In May 2010, Quanell led a rally protesting the jury acquittal of a white police sergeant in Bellaire, Texas who was on trial for having shot and wounded a local black man on New Year’s Eve 2008 (while attempting to arrest him for driving what the sergeant mistakenly believed to be a stolen car). “This cop is a criminal, this cop should be in jail,” said Quanell. “If you shoot one more black man in Bellaire in cold blood, then your damn city will go up in flames.”

In March 2011 Quanell traveled to Cleveland, Texas to support 18 young black men—aged 14 to 27—who were accused of having participated in the gang rape of an 11-year-old girl. There, he helped stage a town hall meeting to address what CNN described as “rising concerns—especially in Cleveland’s African-American community—about the case.” Most notably, Quanell stated that the girl had not done enough to stop the alleged assailants. “It was not the young girl that yelled rape,” he said. “Stop right there — something is wrong, brothers and sisters.” Quanell also questioned the role of the girl’s parents: “Where was the mother? Where was the father?” he asked.

On July 15, 2013, Quanell and hundreds of fellow demonstrators blocked Texas State Highway 288 to protest the jury acquittal of George Zimmerman, the “white Hispanic” who was on trial for his highly publicized fatal shooting (in 2012) of a black Florida teenager named Trayvon Martin. When the rally began—at a funeral home near the campus of Texas Southern University—Quanell said: “This is where they wish to send young black men—to the funeral home…. Our motto today is: We’re fired up and we’re not going to take it anymore.”
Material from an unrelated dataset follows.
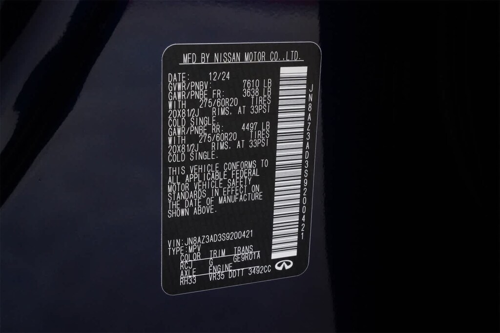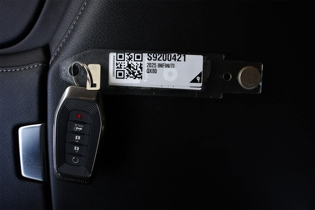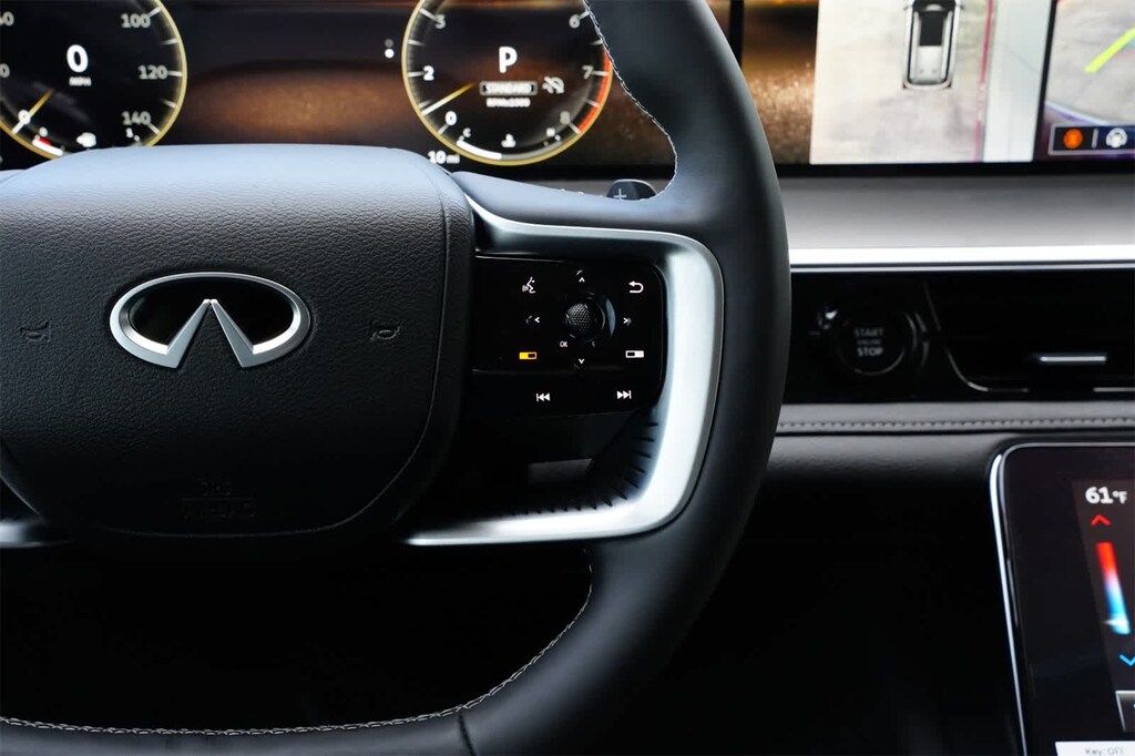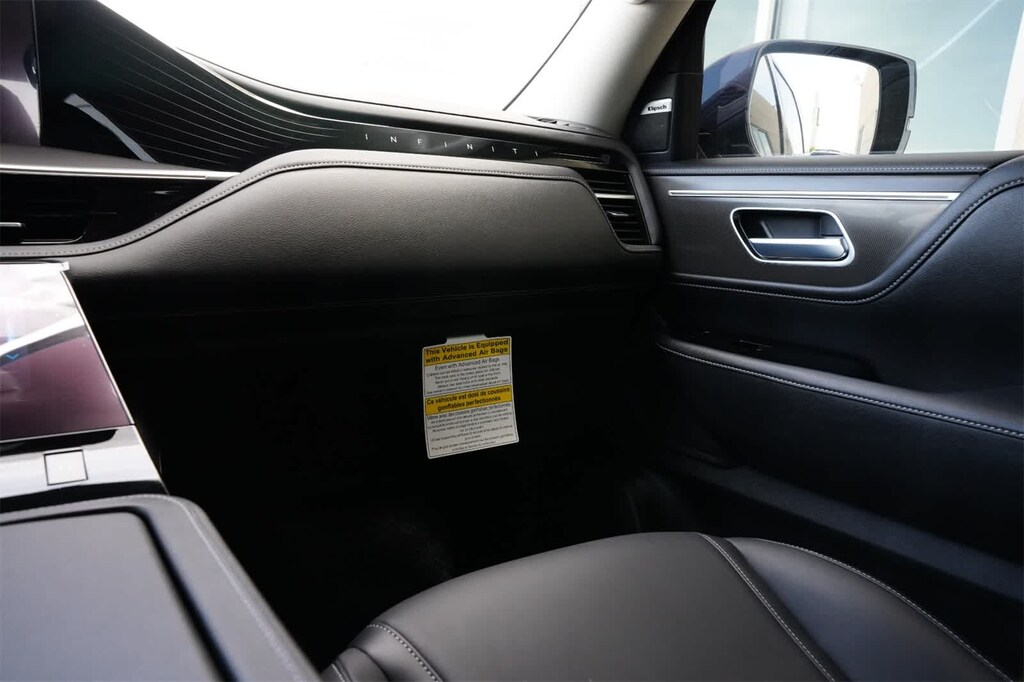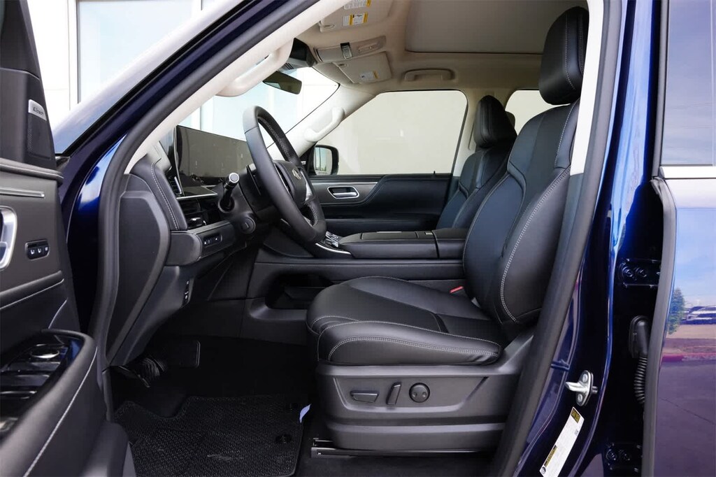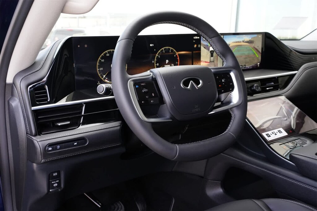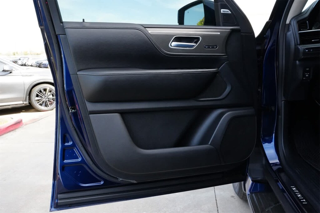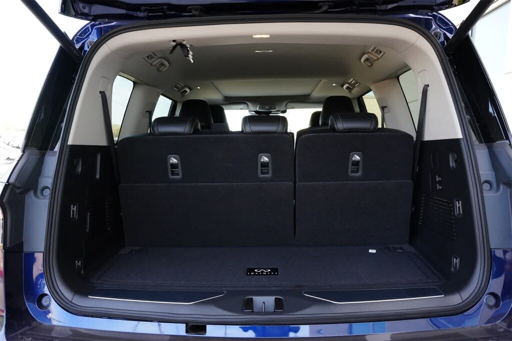 Grand Blue 2025 INFINITI QX80 PURE RWD 9-Speed Automatic 3.5L V6 DOHC 24V 14 Speakers, 20 x 8 Aluminum Alloy Wheels, 3rd row seats: bench, 4-Wheel Disc Brakes, ABS brakes, Air Conditioning, Alloy wheels, AM/FM radio: SiriusXM with 360L, Anti-whiplash front head restraints, Apple CarPlay/Android Auto, Audio memory, Auto High-beam Headlights, Auto tilt-away steering wheel, Auto-dimming door mirrors, Auto-dimming Rear-View mirror, Automatic temperature control, Brake assist, Bumpers: body-color, Cargo Blocks/Stabilizers, Cargo Net, Cargo Package, Carpeted Cargo Area Protector, Compass, Console Net, Delay-off headlights, Driver door bin, Driver vanity mirror, Dual front impact airbags, Dual front side impact airbags, Electronic Stability Control, Emergency communication system: INFINITI InTouch, Four wheel independent suspension, Front anti-roll bar, Front Bucket Seats, Front Center Armrest, Front dual zone A/C, Front reading lights, Fully automatic headlights, Garage door transmitter: myQ Connected Garage, Heated door mirrors, Heated Front Bucket Seats, Heated front seats, Heated rear seats, Heated steering wheel, HVAC memory, Illuminated entry, INFINITI Radiant Illuminated Kick Plates, Knee airbag, Leather steering wheel, Low tire pressure warning, Memory seat, Navigation system: Google Built-in, Occupant sensing airbag, Outside temperature display, Overhead airbag, Overhead console, Panic alarm, Passenger door bin, Passenger vanity mirror, Power door mirrors, Power driver seat, Power Liftgate, Power moonroof, Power passenger seat, Power steering, Power windows, Premium Paint, Radio data system, Radio: Klipsch Premium Audio System w/14 Speakers, Rain sensing wipers, Rear air conditioning, Rear anti-roll bar, Rear reading lights, Rear seat center armrest, Rear window defroster, Rear window wiper, Reclining 3rd row seat, Remote keyless entry, Security system, Soft-Sided Cargo Cooler, Speed control, Speed-sensing steering, Splash Guards, Split Bench Seat Package, Split folding rear seat, Spoiler, Steering wheel memory, Steering wheel mounted audio controls, Tachometer, TailorFit-Appointed Seating Surfaces, Telescoping steering wheel, Tilt steering wheel, Traction control, Trip computer, Turn signal indicator mirrors, Umbrella Holder, Variably intermittent wipers, CUSTOM 22 WHEELS.

In a December 2014 appearance on Fox Radio, Quanell condemned the allegedly widespread incidence of excessive police use-of-force in minority communities. “My biggest concern with this,” he said, “… is if there is not a significant change of attitude and mindset of police officers in the inner cities of black America, this country is on the verge of a civil war.”
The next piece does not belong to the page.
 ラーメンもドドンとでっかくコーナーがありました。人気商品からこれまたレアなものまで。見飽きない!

In September 2016, Quanell became involved in the case of Skyla Madria, a fifth-grade Texas girl who, during the daily recitation of the U.S. Pledge of Allegiance in her classroom, elected, as a sign of protest, to go down onto one knee rather than stand. Her actions were intended to protest not the words of the Pledge, but rather a reference to slavery in a line from the barely known, mostly unsung third stanza of the U.S. National Anthem: “No refuge could save the hireling and slave from the terror of flight or the gloom of the grave.” When Madria subsequently claimed that her school’s principal had spoken harshly to her regarding her actions, her mother, Elizabeth Owens, demanded an apology from the school district and contacted Quanell X. Among Quanell’s comments were:

  • “So when you talk about saying the pledge, it says with ‘freedom and justice for all?’ When in the hell is white America in this country given black folks freedom and justice for all?”
  • “Why would we ask any African American child or citizen to stand up and honor a flag with an anthem written by a slave owner who promised nothing but turmoil to blacks to the grave?”

The school district decided that with her mother’s written permission, Madria would be permitted to kneel during the daily Pledge of Allegiance.

While Quanell cast himself as a devoted advocate for victims of such offenses as police brutality, murder, and wrongful termination, in October 2016 a number of people from Houston and Beaumont, Texas held a rally outside the Harris County Criminal Courthouse charging that Quanell had failed to provide any substantive services in exchange for the money they had paid him. Eventually, in February 2018, the Houston branch of NBPP announced that it was severing its ties to Quanell, in response to continuing allegations that he had not delivered services to families he was paid to represent. “This has been going on for over a decade in the community … and we will not stand for it any longer,” said NBPP national chairman Yahcanon Ben Yah. “He has been in this situation before and what we want to do now is come out and let the people know that we do not condone his actions. He is not a part of us. He is not our leader.”